== Supplied material ==
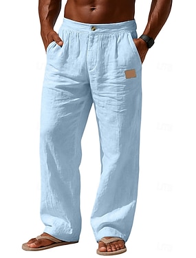 Voor heren Linnen broek Broek Zomerbroek Wijde broek Strandbroeken Trekkoord Elastische taille Recht been Effen Comfort Ademend Volledige lengte Dagelijks Feestdagen Uitgaan Modieus Klassieke Stijl
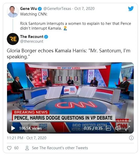 (在CNN直播节目中)里克·桑托勒姆(Rick Santorum)为了解释彭斯没有打断卡马拉而打断了女主持人。
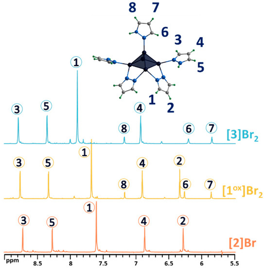 1H NMR spectra of pentanuclear clusters [1ox]Br2, [3]Br2 and [2]Br in CD3OD. Due to the low solubility of [2]Br in methanol, the spectrum contains low intensity signals from impurities with higher solubility. Numbers in circles on the NMR spectra correspond to the numbers of hydrogen atoms in the structure.
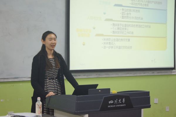 下午四点,教室里座无虚席,讲座正式开始。首先,主持人介绍了李琳女士和本次讲座的主题。接着,李琳女士通过播放视频的方式具体分析,充分调动了同学们的积极性。同时,她还向同学们讲述了不同类型的人格,引导同学们对自己进行正确的自我认知,从而让同学们挖掘出自己的职业兴趣。并且,她以唐僧、孙悟空、猪八戒、沙和尚这个四人团队为例,生动形象地向同学们讲述了团队的基本构造。然后,她向同学们介绍了霍兰德职业倾向测试,并且推荐了《这些道理没人告诉你》这一本面试必备书籍。最后进入到自由提问阶段,同学们踊跃提问,李琳女士详细地解答了同学们的困惑。
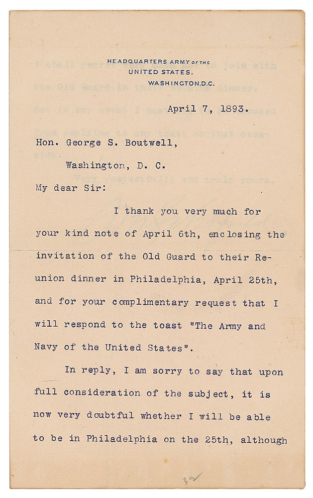 Union general (1831-1906) who served as army commander in Sherman's Atlanta campaign and who later became General in Chief of the army. TLS signed “J. M. Schofield,” two pages on two adjoining sheets, 5 x 8, Headquarters Army of the United States letterhead, April 7, 1893. Letter to the Hon. George S. Boutwell, regretfully declining an invitation to the Old Guard Reunion dinner. In part: "Thank you for your kind note?enclosing the invitation of the Old Guard to their Reunion dinner in Philadelphia?and for your complimentary request that I will respond to the toast 'The Army and Navy of the United States'?but in any event I must beg to be excused." In fine condition.
===
» **Problem**
When pictures appear among the entries, skip them and copy all remaining text precisely.

» **Answer for this exercise**
 Voor heren Linnen broek Broek Zomerbroek Wijde broek Strandbroeken Trekkoord Elastische taille Recht been Effen Comfort Ademend Volledige lengte Dagelijks Feestdagen Uitgaan Modieus Klassieke Stijl
 (在CNN直播节目中)里克·桑托勒姆(Rick Santorum)为了解释彭斯没有打断卡马拉而打断了女主持人。
 1H NMR spectra of pentanuclear clusters [1ox]Br2, [3]Br2 and [2]Br in CD3OD. Due to the low solubility of [2]Br in methanol, the spectrum contains low intensity signals from impurities with higher solubility. Numbers in circles on the NMR spectra correspond to the numbers of hydrogen atoms in the structure.
 下午四点,教室里座无虚席,讲座正式开始。首先,主持人介绍了李琳女士和本次讲座的主题。接着,李琳女士通过播放视频的方式具体分析,充分调动了同学们的积极性。同时,她还向同学们讲述了不同类型的人格,引导同学们对自己进行正确的自我认知,从而让同学们挖掘出自己的职业兴趣。并且,她以唐僧、孙悟空、猪八戒、沙和尚这个四人团队为例,生动形象地向同学们讲述了团队的基本构造。然后,她向同学们介绍了霍兰德职业倾向测试,并且推荐了《这些道理没人告诉你》这一本面试必备书籍。最后进入到自由提问阶段,同学们踊跃提问,李琳女士详细地解答了同学们的困惑。
 Union general (1831-1906) who served as army commander in Sherman's Atlanta campaign and who later became General in Chief of the army. TLS signed “J. M. Schofield,” two pages on two adjoining sheets, 5 x 8, Headquarters Army of the United States letterhead, April 7, 1893. Letter to the Hon. George S. Boutwell, regretfully declining an invitation to the Old Guard Reunion dinner. In part: "Thank you for your kind note?enclosing the invitation of the Old Guard to their Reunion dinner in Philadelphia?and for your complimentary request that I will respond to the toast 'The Army and Navy of the United States'?but in any event I must beg to be excused." In fine condition.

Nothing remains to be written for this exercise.